Alex Fidel, one of the co-leaders of the User Experience (UX) Team and a recent Master of Science in Information graduate, said his degree and a graduate certificate in health information prepared him well for the work.
“It wasn’t intimidating. The notion that we get to build a tool for the state to use is humbling—it says something about the Michigan Brand—but I felt prepared and confident we could together build something that could rise to the challenge.”
Fidel said the team created more than two dozen iterations of the dashboard, altering it based on user experience, which included recruiting epidemiologists from SPH to try it out.

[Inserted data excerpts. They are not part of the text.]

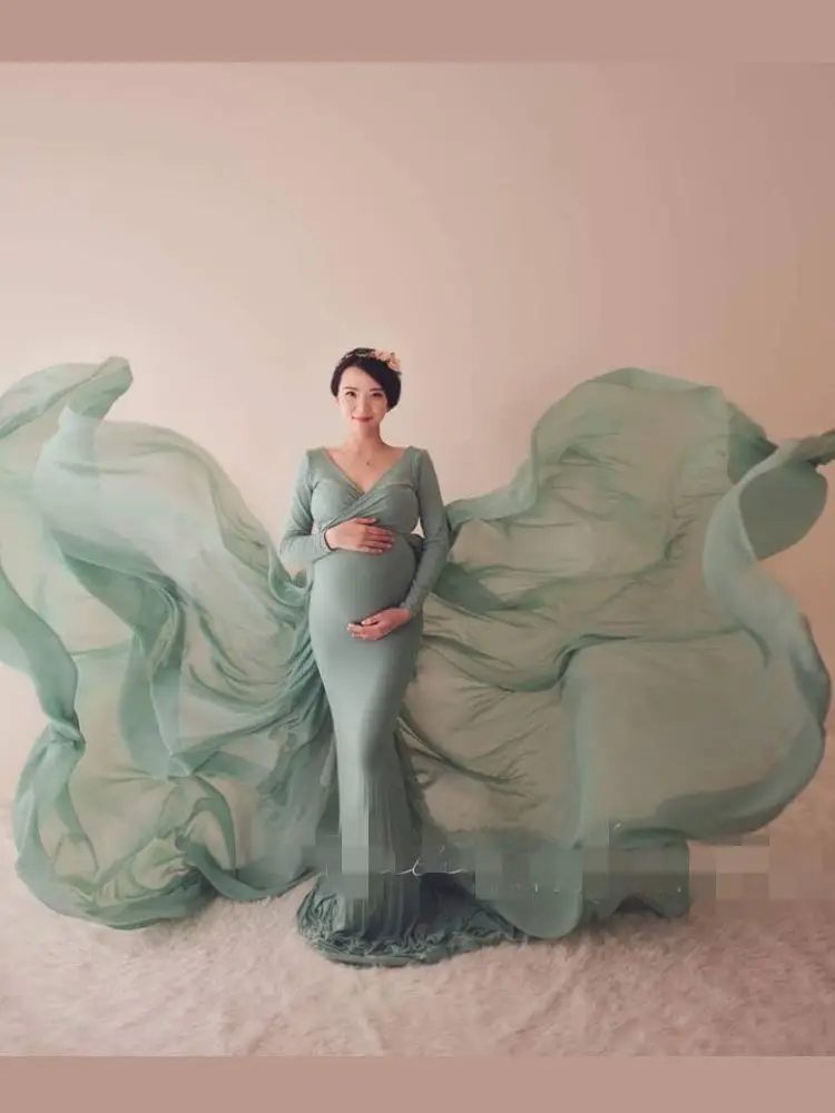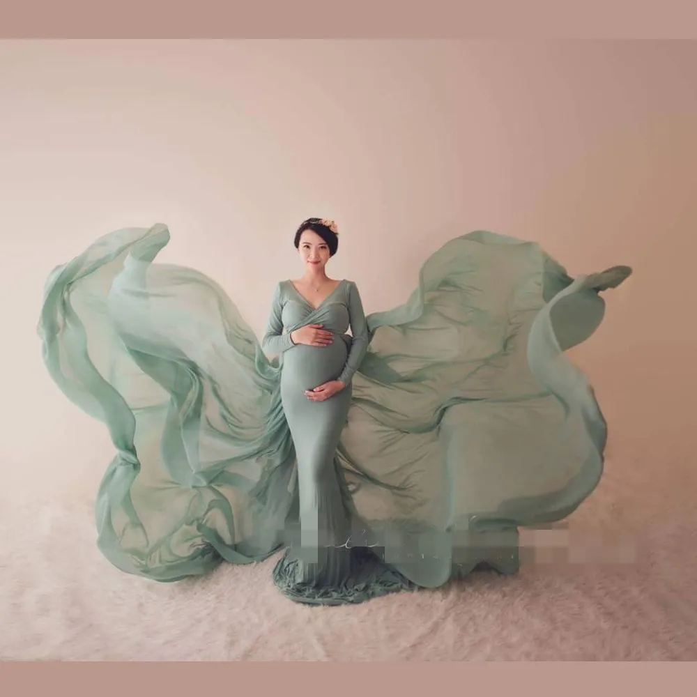 Элегантное платье с длинным рукавом Русалка платья для беременных с V-образным вырезом на заказ длинное официальное платье для беременных платье для фотографии платье для выпускного вечера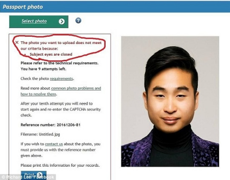 尷尬事年年有,2016年,這事兒最尷尬。竟然有人更換護(hù)照時(shí)因眼小被拒?這事兒發(fā)生在新西蘭華裔Lee身上,他在網(wǎng)上申請(qǐng)更換護(hù)照,但上傳照片不合規(guī)定,原因是系統(tǒng)提示他“閉著眼睛”。幾番周折最后通過(guò)。Lee把此番遭遇發(fā)到網(wǎng)上,就有網(wǎng)友說(shuō):“現(xiàn)在連機(jī)器都開(kāi)始看臉了,真是個(gè)看臉的時(shí)代”。不過(guò)Lee并不在意這件事,只是覺(jué)得搞笑。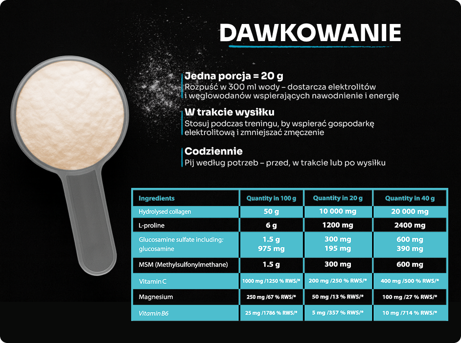 - ⚡ Synergia z witaminą C – witamina C wspiera prawidłową produkcję kolagenu dla skóry, kości i chrząstki.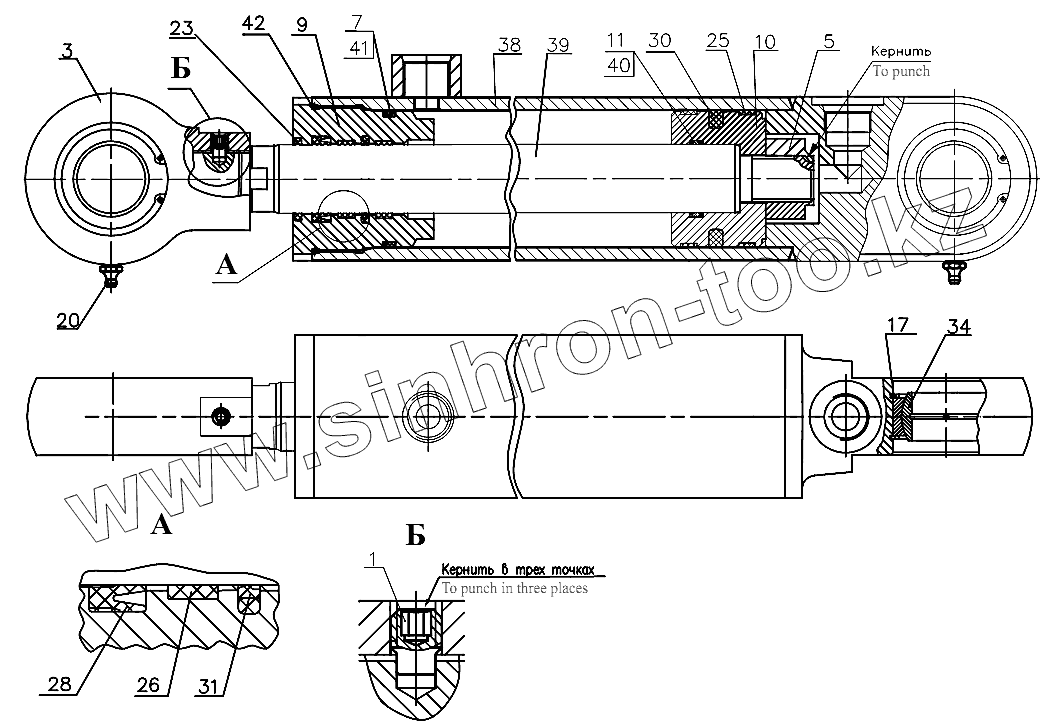 Каталог запасных частей к технике: Амкодор-332С4. Гидроцилиндр Ц080040.00.000-В

The team gave the users challenges to see how they would respond to the data presented, and sought input on how easy it was to understand the information.
Cassandra Eddy, who served on the web team, said a keyword when creating a tool like the dashboard is “agility.”
“It did feel pretty big. There are no requirements in advance so the team had to be very agile. The features are changing every day,” said Eddy, a graduate with a Master of Health Informatics, a joint program between the schools of information and public health. “It’s been incredible to work with such talented people.”
Ani Madurkar just completed his first year in the Master of Applied Data Science program at the School of Information, during which he chose to work on how demographics like wealth and population impact COVID. This caught the attention of information faculty who nominated students for the team.
His girlfriend works as a pharmacy resident on the front lines at Cleveland Clinic, which he said inspires him to use his skills to “serve a larger purpose.”
“I feel a huge sense of responsibility for it. Data scientists should be cognizant of the impact they have in society,” said Madurkar, an IT data analyst in Okemos, Michigan.
“I think that there is a sense of validation that will be there,” he said of the prospect the state would use the tool. “It’s exciting to see what this could mean for the future of health and technology.”
Kardia said the sense of responsibility and urgency was very real for the whole team.
“This pandemic has many of us very scared that if we don’t act now and we don’t act with the best science behind us, then we’ll end up with an unintentional disaster on our hands,” she said. “There’s a great sense of urgency and my colleagues and I have put all of our best time and attention, best mind, heart and body toward this effort.”